_Your goal_: Your task is to copy the lines from the line containing "活动模拟海岛游客溺水急救、极" through the end of the listing below, both included, without any pictures.

_Collected material_:
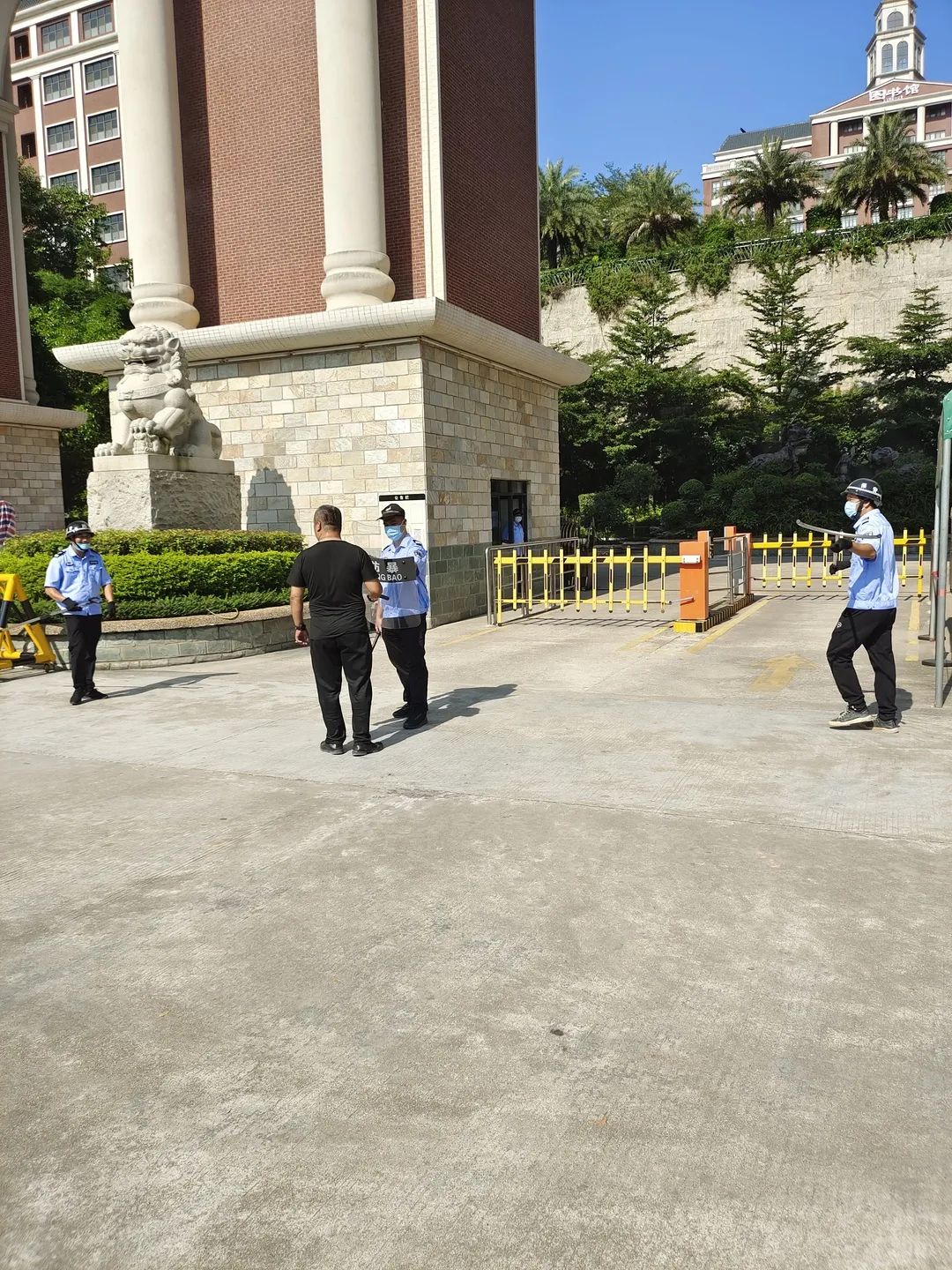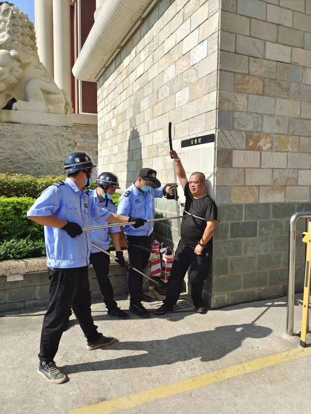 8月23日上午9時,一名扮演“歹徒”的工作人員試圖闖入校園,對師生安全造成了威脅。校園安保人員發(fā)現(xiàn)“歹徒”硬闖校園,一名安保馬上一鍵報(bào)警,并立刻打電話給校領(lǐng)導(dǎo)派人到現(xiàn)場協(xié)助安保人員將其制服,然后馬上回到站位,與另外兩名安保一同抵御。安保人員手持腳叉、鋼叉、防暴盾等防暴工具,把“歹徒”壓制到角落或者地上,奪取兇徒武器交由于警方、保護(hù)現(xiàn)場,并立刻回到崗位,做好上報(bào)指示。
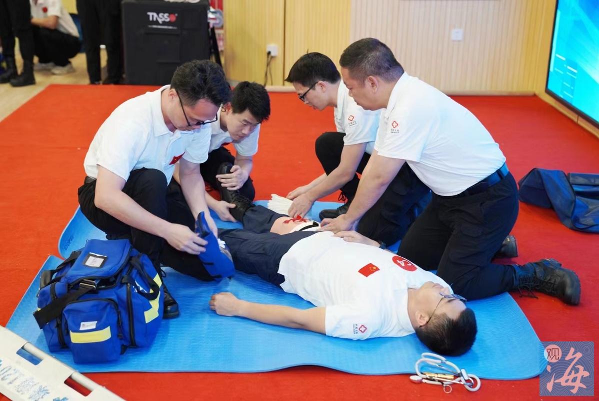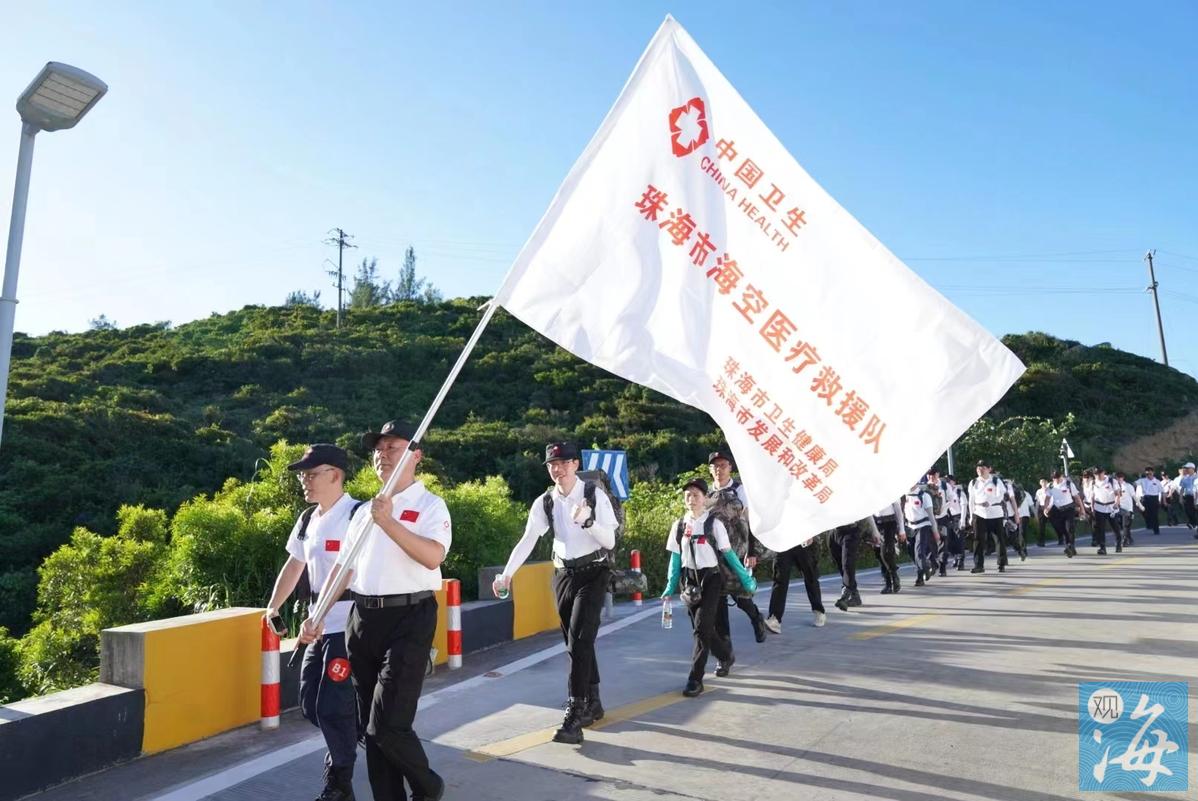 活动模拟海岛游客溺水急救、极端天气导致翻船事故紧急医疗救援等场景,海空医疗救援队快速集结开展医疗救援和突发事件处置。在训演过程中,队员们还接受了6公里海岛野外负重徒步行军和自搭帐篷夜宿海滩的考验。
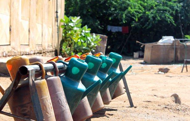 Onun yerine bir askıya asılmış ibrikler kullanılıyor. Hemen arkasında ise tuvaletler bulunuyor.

_Task output_:
 活动模拟海岛游客溺水急救、极端天气导致翻船事故紧急医疗救援等场景,海空医疗救援队快速集结开展医疗救援和突发事件处置。在训演过程中,队员们还接受了6公里海岛野外负重徒步行军和自搭帐篷夜宿海滩的考验。
 Onun yerine bir askıya asılmış ibrikler kullanılıyor. Hemen arkasında ise tuvaletler bulunuyor.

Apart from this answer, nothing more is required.